Second Trump-Kim summit planned for Vietnam, source says

US President Donald Trump (R) gestures as he meets with North Korea's leader Kim Jong Un (L) at the start of their historic US-North Korea summit, at the Capella Hotel on Sentosa island in Singapore on June 12, 2018. - Donald Trump and Kim Jong Un have become on June 12 the first sitting US and North Korean leaders to meet, shake hands and negotiate to end a decades-old nuclear stand-off. (Photo by SAUL LOEB /AFP/Getty Images

President Donald Trump and North Korean leader Kim Jong Un are planning on meeting in Vietnam in late February, according to a source familiar with the matter.

A senior administration official and a second source with knowledge say the current plan is for the second summit between President Trump and North Korean leader Kim Jong Un to be held in the Vietnamese coastal city of Da Nang.
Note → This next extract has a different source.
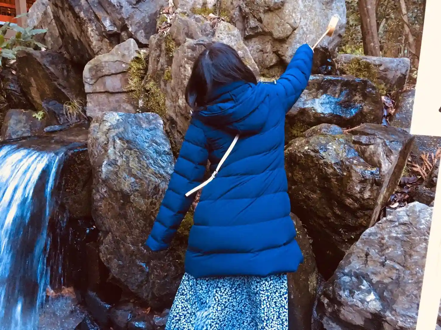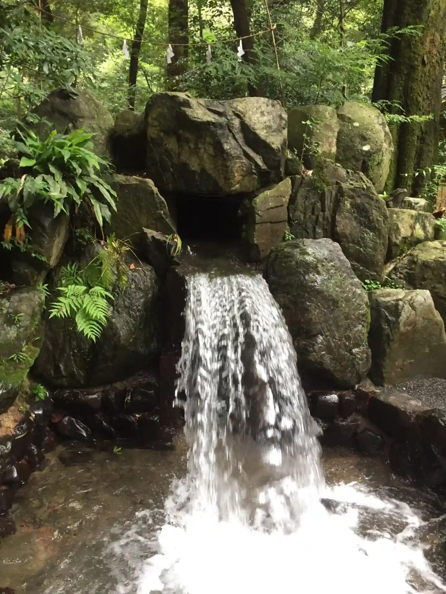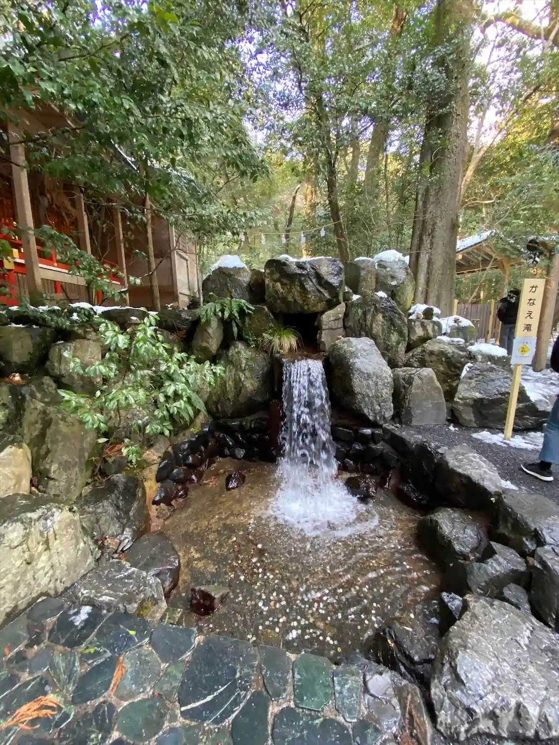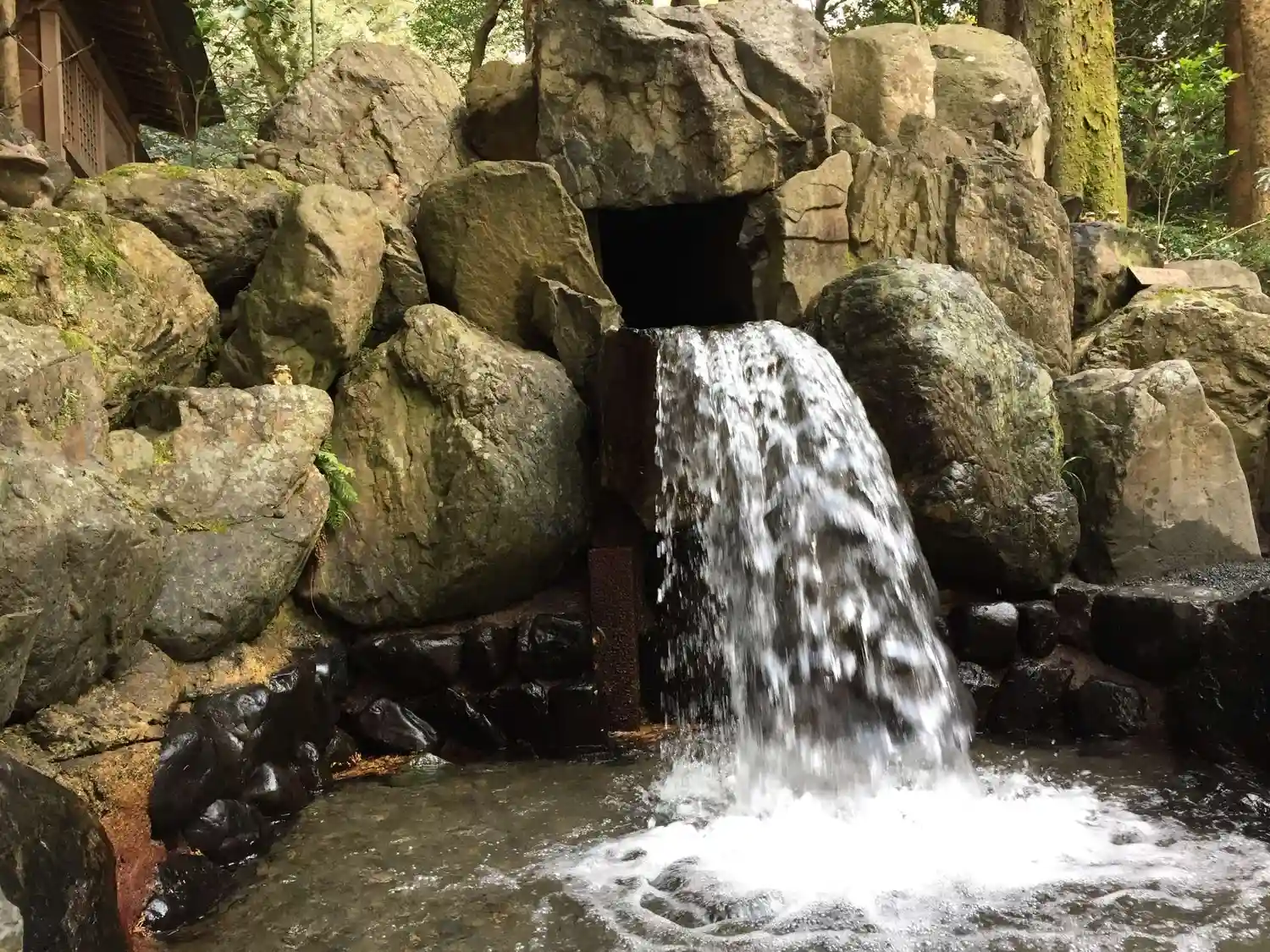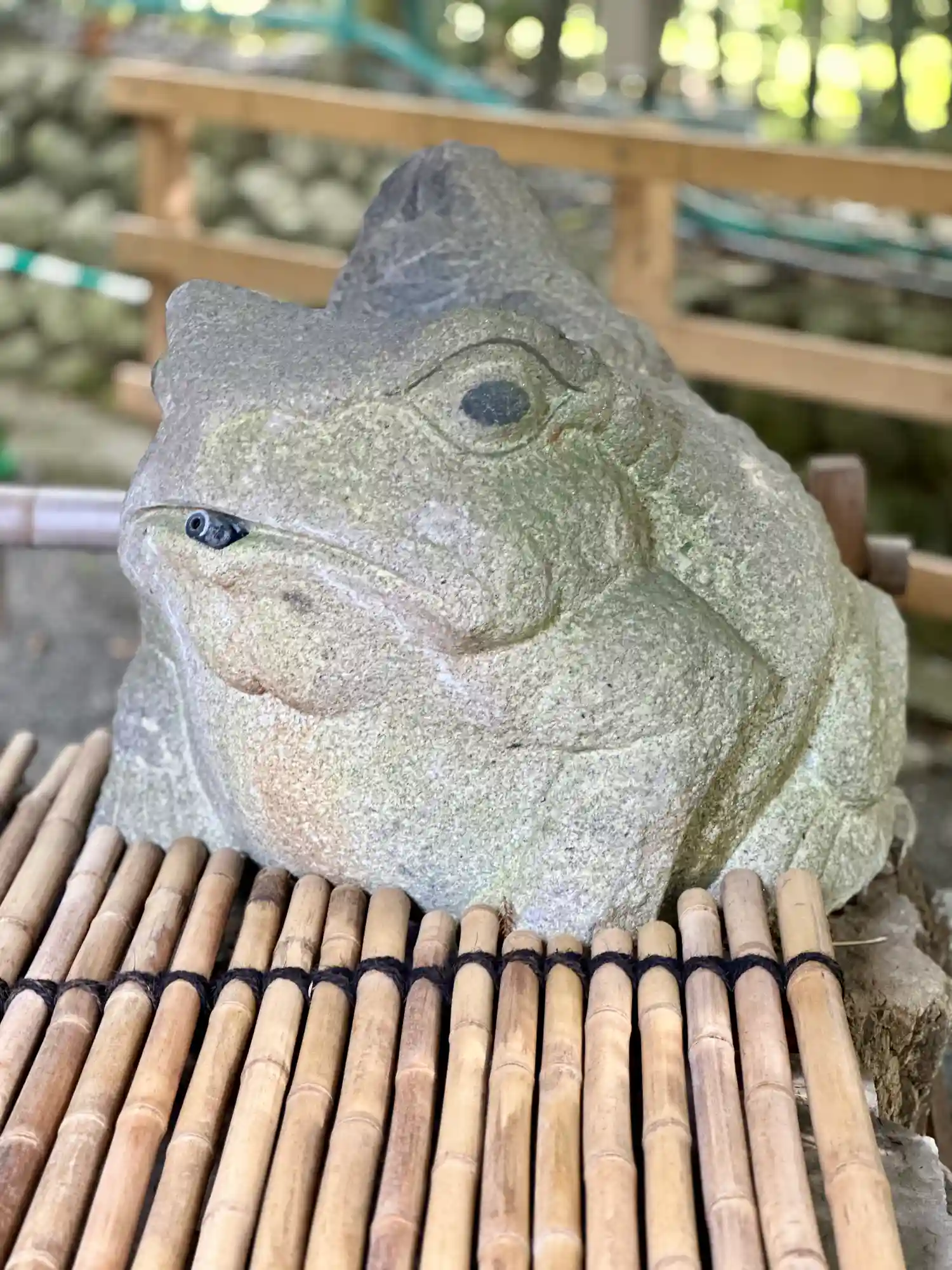 この滝や手水舎などいたるところに蛙がいます

The plan is being finalized.

Vietnam had been widely believed to be the location. The White House announced the second meeting between the two leaders on January 18 following discussions with Kim Yong Chol, North Korea’s lead negotiator on nuclear talks. The first such meeting between the two leaders happened in June in Singapore.
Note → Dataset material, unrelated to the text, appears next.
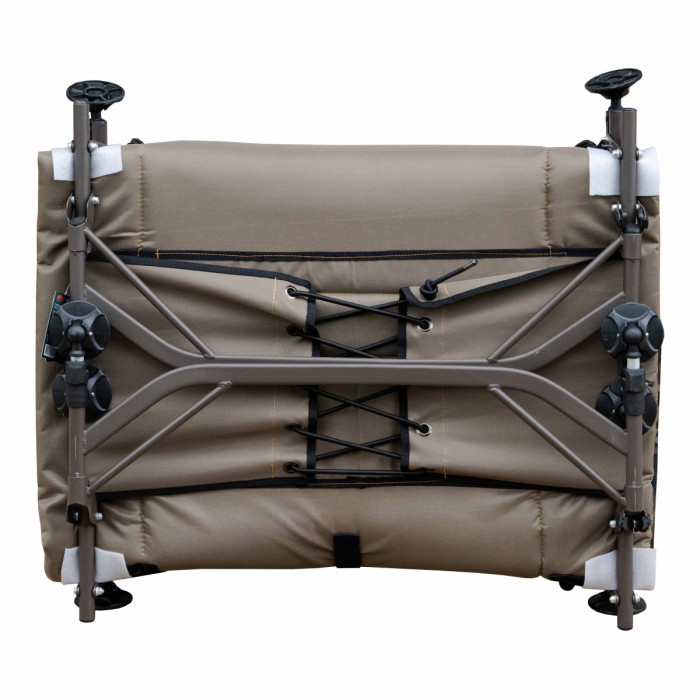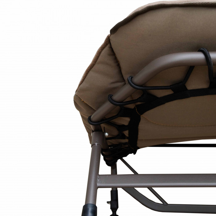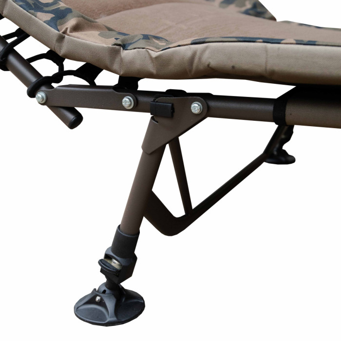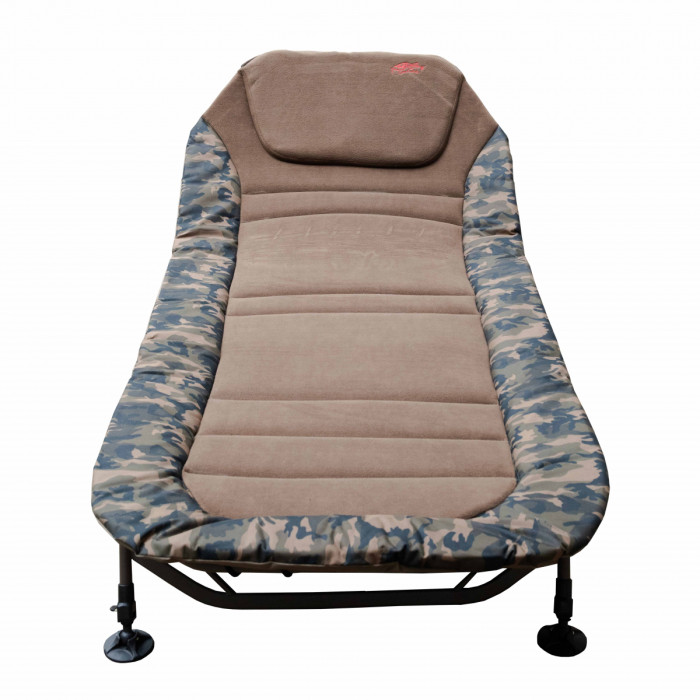 Широка та зручна розкладачка на надійному стальному каркасі. Колір – камуфляж. Центральна частина виготовлена із м’якої флісової тканини, яка зберігає тепло. Чотири пари ніжок мають регулювання по висоті та мають збільшену площу контакту з поверхнею. Ця розкладачка стане гідною заміною комфортного домашнього ліжка в умовах, де його немає.

The source said there are no discussions right now for Trump to meet with Chinese President Xi Jinping around the summit, but the source says Xi is very supportive of the summit.
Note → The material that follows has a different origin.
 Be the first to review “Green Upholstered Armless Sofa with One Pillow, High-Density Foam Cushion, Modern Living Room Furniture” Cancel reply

Trump’s agenda during the summit is still not clear.

On Thursday, the State Department’s top envoy on North Korea said the US is not looking to invade the Hermit Kingdom and seemed to strongly signal that the US would be willing to formally end the Korean War.

“President Trump is ready to end this war,” said Steve Biegun in a speech at Stanford. “It is over. It is done. We are not going to invade North Korea. We are not seeking to topple the North Korean regime.”

Biegun dismissed the prospect that the US would agree to withdraw troops from South Korea as a concession to Kim Jong Un — a move that some were concerned Trump might make.

Trump and Kim’s summit in Singapore ended with a commitment from the North Korean leader to “work toward complete denuclearization of the Korean Peninsula,” but negotiations appear to have stalled since then. Many critics accuse the Trump administration of failing to get Kim to agree to specifics at their first summit.

On Wednesday, Trump publicly rebuked his intelligence officials after they had contradicted several of his foreign policy claims — including on North Korea — during a Senate hearing on Tuesday.

Director of National Intelligence Dan Coats said during the hearing that North Korea “is unlikely to completely give up its nuclear weapons.” CIA Director Gina Haspel said Pyongyang “is committed to developing a long-range nuclear-armed missile that would pose a direct threat to the United States.”

Trump said on Thursday that those same intelligence chiefs told him their comments had been taken out of context and the had been “totally misquoted” and that the administration was all on the same page.

Earlier this month, Trump told reporters: “North Korea, we’re doing very well. And again, no rockets. There’s no rockets. There’s no anything. We’re doing very well.”